The most telling images in the exhibition, it seems to me, are those that suggest "home." In Four Intersections one of the wall supports of the piece is a section of a doorjamb with a door hinge cutout. And the signposts look like white pickets from a fence. The door and the yard fence are thresholds between "family" and the social outside. Outside the home is the scary confusion of streets out of which some order needs to be made. In The Animal Kingdom Colson paints his "Wonderbook" illustration of the evolutionary tree onto an old salmon-colored wood-louvered shutter so painted over that it is sealed shut. Its old fleur-de-lis hinges give it the look of something salvaged from the 1950s. On one level the shutter is a typical index of childhood nostalgia (it speaks "home"), on another it suggests a kind of window onto experience or knowledge that is permanently closed. Indeed, if the slats were opened, the children's book illustrations would be fractured; to open the window and see the outside (to grow up) would be to destroy the child's experience.

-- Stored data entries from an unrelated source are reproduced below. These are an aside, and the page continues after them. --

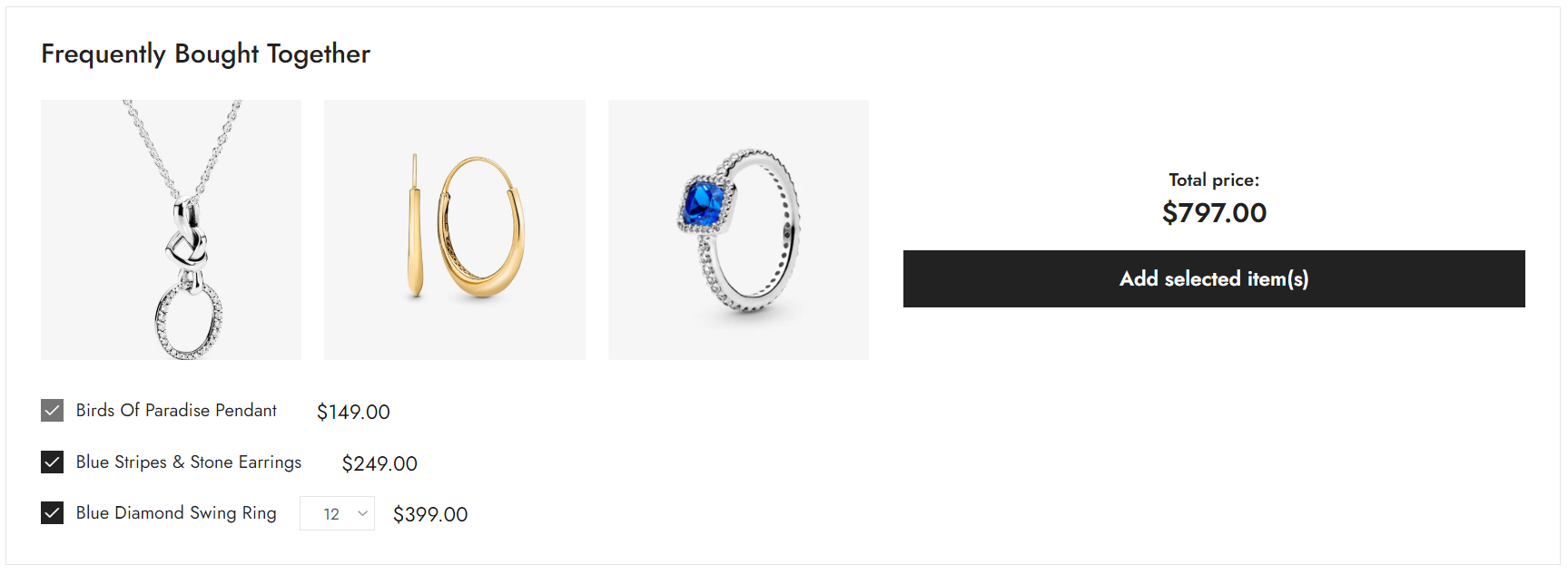 A "Frequently Bought Together" feature on Shopify is a list of products that are recommended to buy together with the product customers viewing.
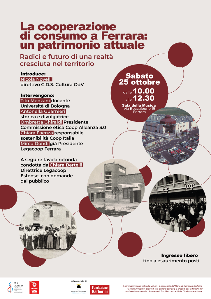 L’associazione C.D.S. Centro Ricerche Documentazione e Studi Economico Sociali OdV organizza sabato 25 ottobre, dalle 10.00 alle 12.30, presso la Sala della Musica del Chiostro S. Paolo in via Boccaleone 19 a Ferrara, l’incontro La Cooperazione di consumo a Ferrara: un patrimonio attuale. Radici e futuro di una realtà cresciuta nel territorio.
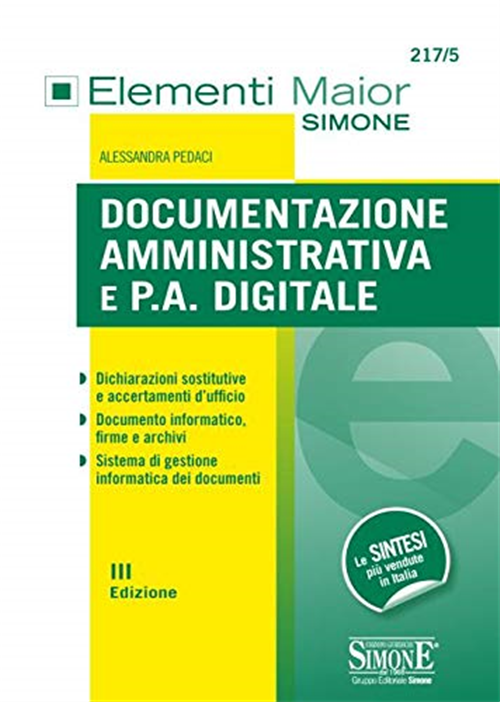 Per molti anni, nell'immaginario collettivo, le farraginose e articolate attività di certificazione sono state ritenute il classico esempio di "pesantezza burocratica" di una pubblica amministrazione incapace di rinnovarsi. A questo stato di cose hanno cercato di porre rimedio alcuni interventi normativi, primo fra tutti il D.P.R. 445/2000, T.U. documentazione, con cui il legislatore ha semplificato l'intero sistema, istituzionalizzando le dichiarazioni sostitutive - che permettono al privato di sostituire atti e certificati mediante la presentazione di una propria dichiarazione - e gli accertamenti d'ufficio, così da ridurre gli oneri amministrativi a carico di cittadini e imprese. In seguito, il Codice dell'amministrazione digitale (D.Lgs. 82/2005), nella veste novellata dalle recenti riforme, ha posto le basi per il superamento della tradizionale amministrazione certificante e cartacea, predisponendo norme specifiche per la dematerializzazione dei documenti e per la trasmissione telematica degli stessi, nell'ottica di una azione amministrativa efficiente. Il volume, attraverso l'analisi dei principali testi legislativi in materia e delle innovative linee guida, nazionali ed europee, propone una sintetica ma completa trattazione della disciplina della documentazione amministrativa e della pubblica amministrazione digitale: semplificazione delle istanze e sistema delle autocertificazioni, accertamenti d'ufficio, documenti elettronici e firme digitali nel contesto della dematerializzazione, protocollo informatico e fascicolo elettronico, sicurezza informatica e tutela della privacy alla luce del Regolamento europeo n. 679/2016 (GDPR) sul trattamento dei dati personali. Dotato, infine, di numerosi box di approfondimento, di schemi esplicativi e di una serie di modelli posti in calce, il libro è particolarmente adatto a studenti e concorsisti, che sempre più spesso nei bandi di concorso devono confrontarsi con queste materie e, al contempo, si pone come rapido strumento di aggiornamento e consultazione per gli operatori del settore.
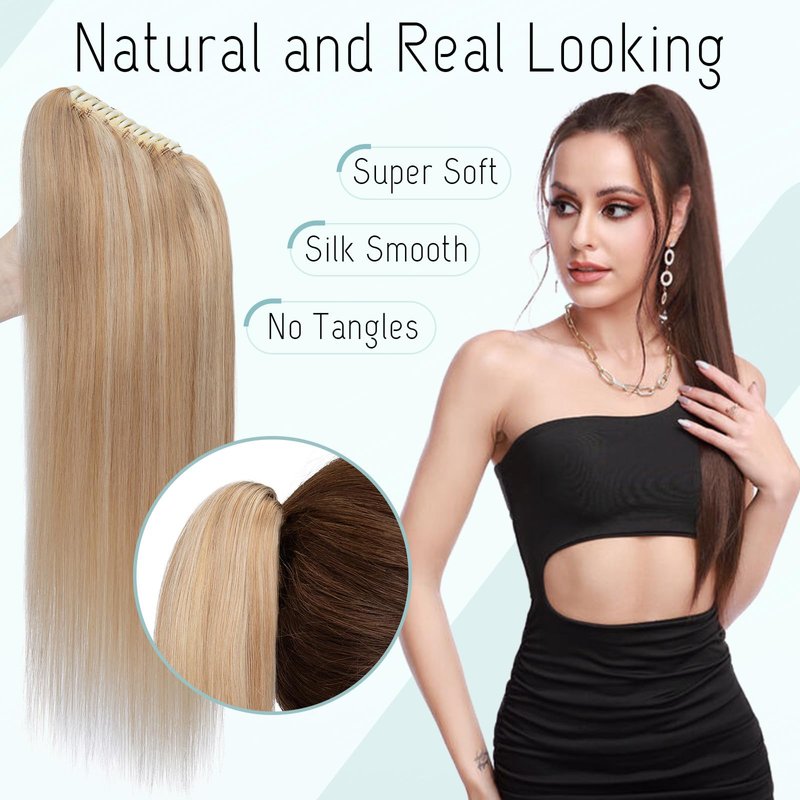 - [Human Hair Texture]: Sourced from donors, our human hair extensions maintain a consistent cuticle alignment for seamless blending. Style your ponytail as you would your real hair - curl, straighten, dye, highlight, or trim it to your preference. To maximize hair lifespan, avoid frequent use of heating tools and provide proper care for a healthy shine.

There is more than a little "fear of growing up" represented in Colson's work. Hanging Stop Light, for example, side from its nostalgic look of a four-sided box suspended in the middle of intersections, has a stop light's connotations of frustration. That Colson makes its lights out of plastic bottles and bottle caps is childlike enough, but that some of them are prescription pill and sleeping pill bottles bespeaks the physical and psychological frailties of adulthood that gives rise to the nostalgia for an "idyllic" childhood. That darkness is not represented in Colson's work (nor is any childhood trauma), yet one suspects that it is what lurks behind the closed shutter of The Animal Kingdom.

Peter Kosenko, published in Artpapers (May/June 1995), pp. 37-38.